DonnaM » Blog Archive » It’s not about you

It’s not about you

In the last few weeks I’ve been in different situations that all reminded me of a key principle in any persuasive communication – no matter whether it be writing, designing, pitching or delivering a report. It is a principle that is absolutely key, and all so easy to forget…

The situations I found myself in were something like this:

  • I was writing my new ‘Why choose me‘ page. I started out writing about how fabulous I am and why you should hire me (yes, that’s crude, but go see what most consultants do). Even to me it was boring and dumb and flat and I hated it. So I thought about why I hated it and what I needed to write instead.
  • I was helping someone interview candidates for a website manager job. One person really got up my nose – when asked ‘Why do you want this job’ he explained how he wanted to work in a new domain, how he needed a change and how interesting it would be. I spent some time thinking about why he annoyed me so much.
  • I was struggling with a content rewrite for a client. It was hard to understand, dense overly-complex and really dull. It was potentially an incredibly interesting topic turned deadly.

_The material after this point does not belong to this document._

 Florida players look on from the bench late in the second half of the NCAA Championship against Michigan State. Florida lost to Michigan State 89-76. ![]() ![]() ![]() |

On reflection on the similarities between these situations, I realised the problem – in each situation the writer/interviewee talked about themselves and how great they were, instead of talking about the person they were talking to. And I remembered something that I already knew:

Nothing is about you. Everything is about the reader/listener.

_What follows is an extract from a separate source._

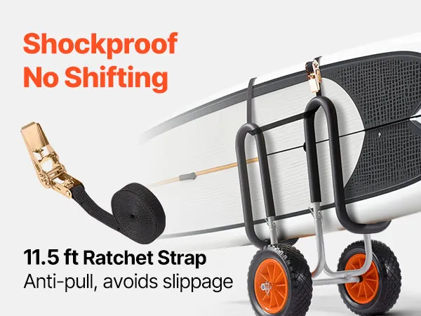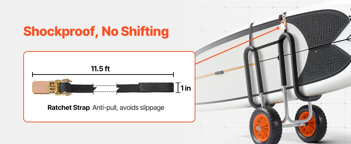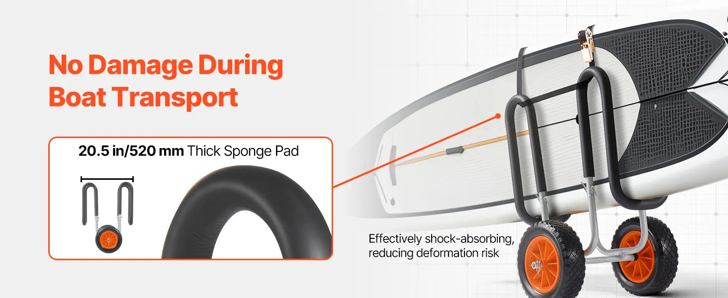 • Multi-layer Protection: Cushioning foam pads on the frame and a 3.6 m ratchet strap (25 mm wide) securely hold your boat in place. Therefore, our canoe cart dolly avoids sliding and minimizes potential damage during transport

I think it was Kathy Sierra who really nailed this a few years ago (and who I would like to thank for her many ideas and insights). She put it so eloquently:

who kick's ass

This is the key to every single piece of communication. No-one cares about you, but they do care about what you can do for them.

Remember it, embed it, do everything you can to make other people shine; and good things will come your way automatically.

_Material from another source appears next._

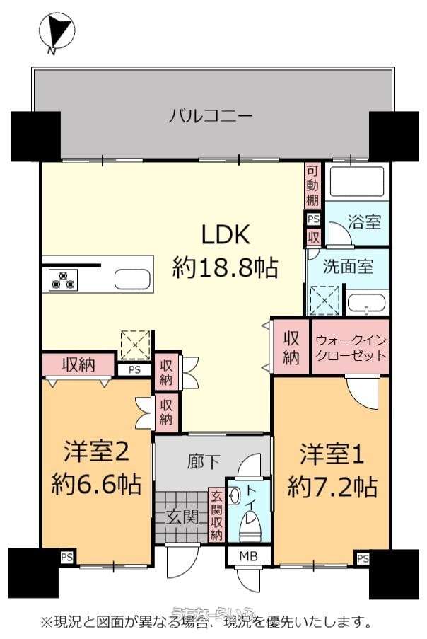 | 間取り | 2LDK ( 洋7.2 洋6.6 LDK18.8 ※WIC付) | ||

5 Responses to “It’s not about you”

  1. Wendy Sharp Says:

    Kathy Sierra is awesome, isn’t she? But you have a typo in the first line of your “Why Choose Me?” page– “a extensive information” should simply be “extensive information”. (Feel free to delete this comment; I just wanted to let you know.)

  2. Donna Maurer Says:

    Thanks Wendy – all fixed. I think I might do some rewriting of that page – it is still a bit too much about me ;)

  3. Ruth Ellison Says:

    An absolutely wonderful post that has really striked a chord.

  4. Marie-Laure Bouchet Says:

    Just been reflecting on your 2nd bullet point about the interviewee – if I had been on the panel I would want to know why he felt the job was worth applying for – even if it may have been because it was just down the road from his favourite gym, that at least that would give me an insight into his motivation. If you heard stuff about how worthwhile it is working for a charity based organisation (for example) or that his skills in XYZ would be of great benefit, then you still wouldn’t know why he really wanted the job and so how he might fit into the culture of the place etc. – so I think I’m saying that in this scenario I would care about him and what he wanted – it is of course all for the ultimate goal of finding out what he could do for the organisation, but maybe it’s a question of balance – I would want to know about you and what motivated you, as well as finding out what you could do for me!

  5. Donna Maurer Says:

    Good point Marie-Laure. In this case it was quite clear that the interviewee only wanted the job to increase his own skills. When compared to everyone else who said ‘I have these skills and these are the ways I can really help your team’, it really stuck out.